------ Input ------

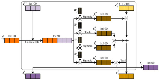 where and are trainable parameters and denotes the serial operation. After passing through the three gates, the memory cell vector H and the state vector I are computed as shown in Equation (6):
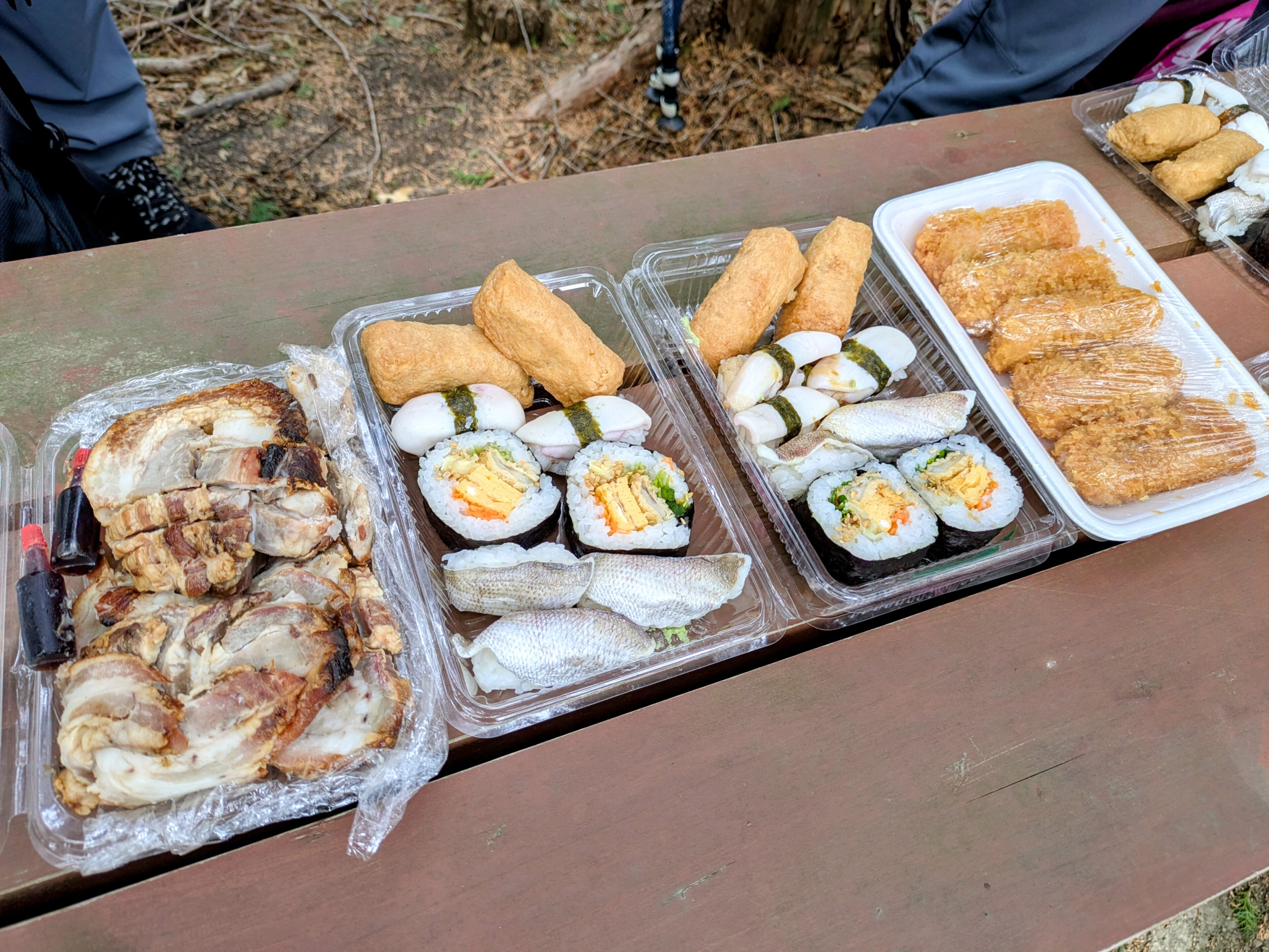 「一色さかな村」のお気に入りのお店で買った寿司四種(小いか、小鯛、にぎすの太巻き、いなり寿司)、イカフライのレモン煮、そして半田のお肉屋さんの絶品焼豚。
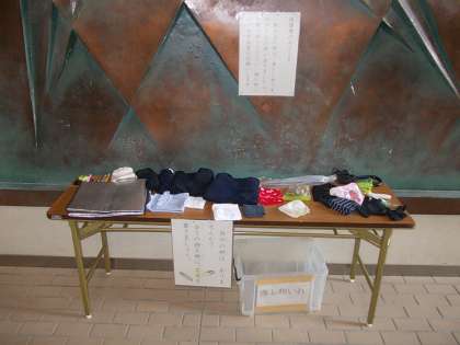 玄関ホールに、名前のない落し物が並べてあります。
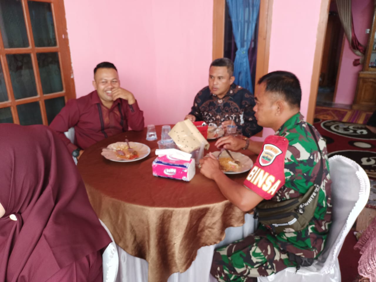 Lima Puluh Kota — Babinsa Koramil 04 Luak Kodim 0306/50 Kota Sertu Agung turut menghadiri undangan resepsi pernikahan salah seorang warga binaan di Jorong Pakan Rabaa Nagari Batu Payung Kecamatan Lareh Sago Halaban. Minggu (29/10/2023).
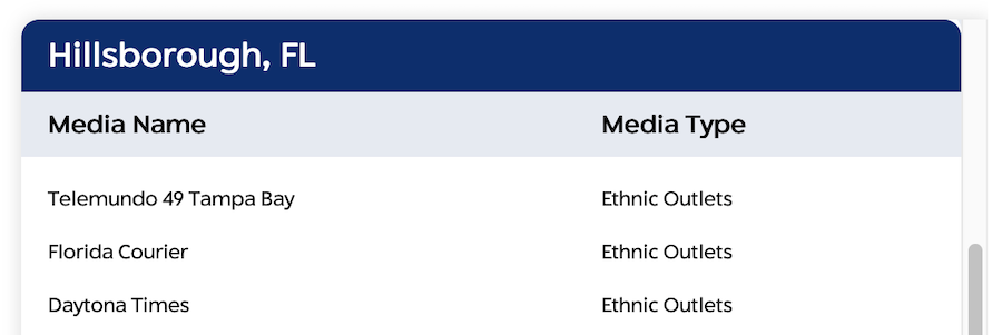 Among them, the Daytona Times, which describes itself as “the reliable and credible source for news and information about African American communities in East Florida,” is listed as being in Hillsborough County, on the west side of Florida. Um.
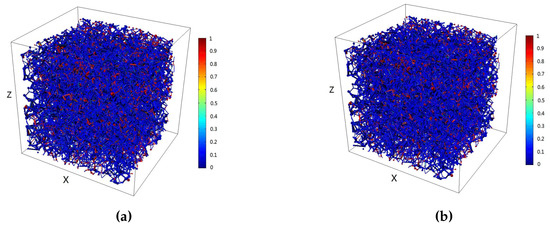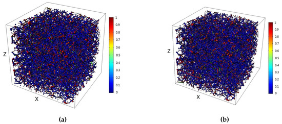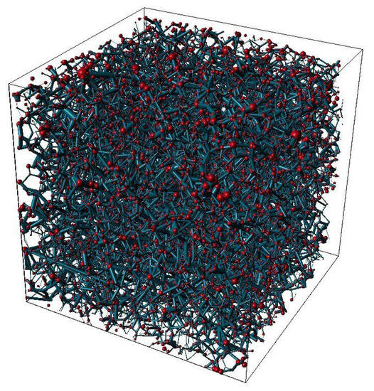 A network model that was obtained from the reconstructed Berea sandstone was established [49]. The network model size was 3 mm × 3 mm × 3 mm, as shown in Figure 3. The sphere and rod represent pore and throat, respectively. The size of the ball and rod reflect the different spatial dimensions of the whole pore and throat. It is composed of 12,349 pores and 26,146 throats. The porosity and absolute permeability are 24% and 2.5 Darcy, respectively. The basic parameters of the network simulation are listed in Table 1.
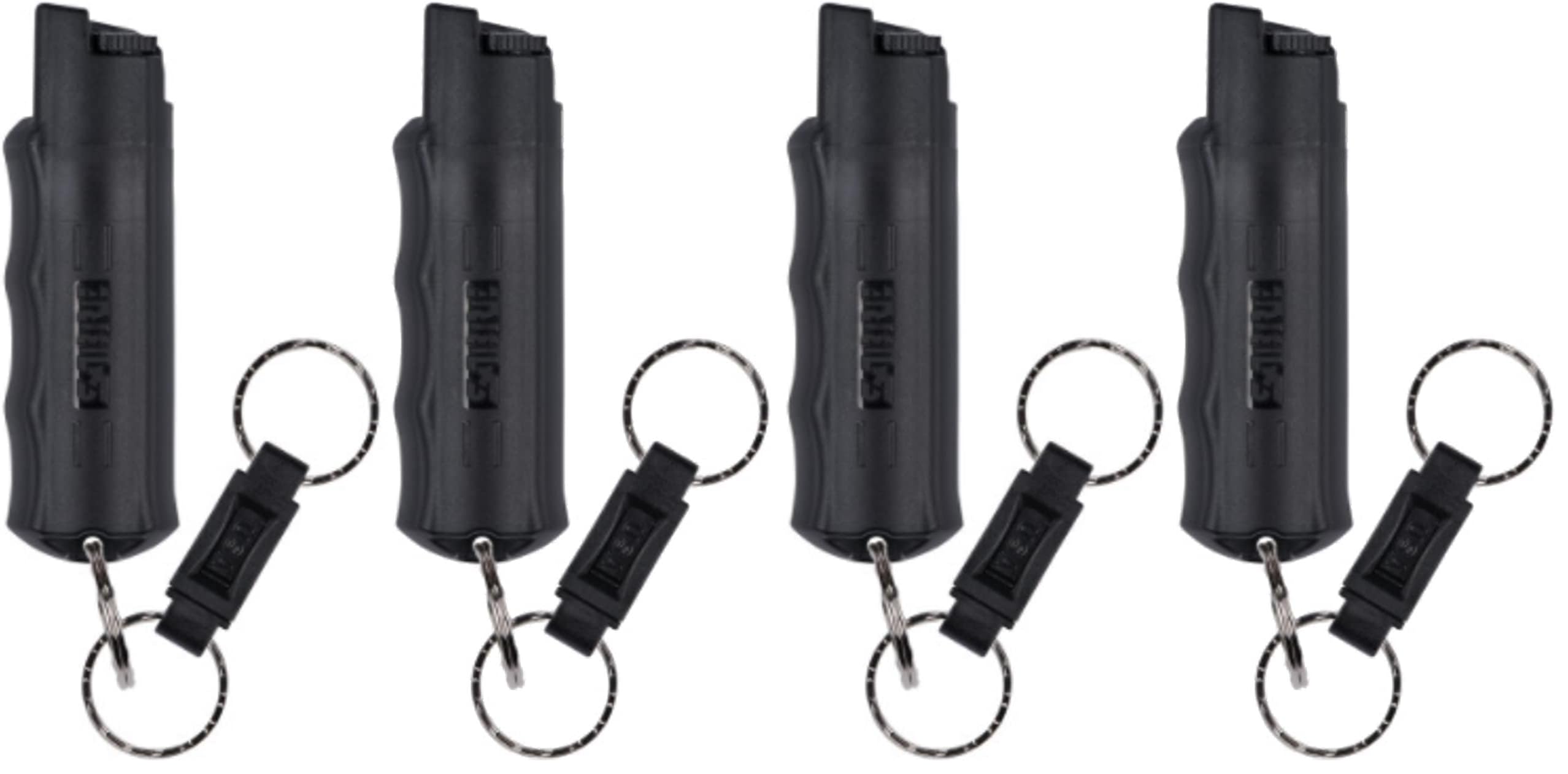 FASTER & EASIER TO HIT THE TARGET: Easiest to grasp finger grip enhances your aim and helps keep your eye on the threat; Includes Quick Release Keychain for immediate access to spray when seconds count; Easy To Attach - keys, bags, purses, lanyards for instant access; Secure and easy to use twist lock safety

------

Write out the entries word for word. Skip the pictures.

 where and are trainable parameters and denotes the serial operation. After passing through the three gates, the memory cell vector H and the state vector I are computed as shown in Equation (6):
 「一色さかな村」のお気に入りのお店で買った寿司四種(小いか、小鯛、にぎすの太巻き、いなり寿司)、イカフライのレモン煮、そして半田のお肉屋さんの絶品焼豚。
 玄関ホールに、名前のない落し物が並べてあります。
 Lima Puluh Kota — Babinsa Koramil 04 Luak Kodim 0306/50 Kota Sertu Agung turut menghadiri undangan resepsi pernikahan salah seorang warga binaan di Jorong Pakan Rabaa Nagari Batu Payung Kecamatan Lareh Sago Halaban. Minggu (29/10/2023).
 Among them, the Daytona Times, which describes itself as “the reliable and credible source for news and information about African American communities in East Florida,” is listed as being in Hillsborough County, on the west side of Florida. Um.
 A network model that was obtained from the reconstructed Berea sandstone was established [49]. The network model size was 3 mm × 3 mm × 3 mm, as shown in Figure 3. The sphere and rod represent pore and throat, respectively. The size of the ball and rod reflect the different spatial dimensions of the whole pore and throat. It is composed of 12,349 pores and 26,146 throats. The porosity and absolute permeability are 24% and 2.5 Darcy, respectively. The basic parameters of the network simulation are listed in Table 1.
 FASTER & EASIER TO HIT THE TARGET: Easiest to grasp finger grip enhances your aim and helps keep your eye on the threat; Includes Quick Release Keychain for immediate access to spray when seconds count; Easy To Attach - keys, bags, purses, lanyards for instant access; Secure and easy to use twist lock safety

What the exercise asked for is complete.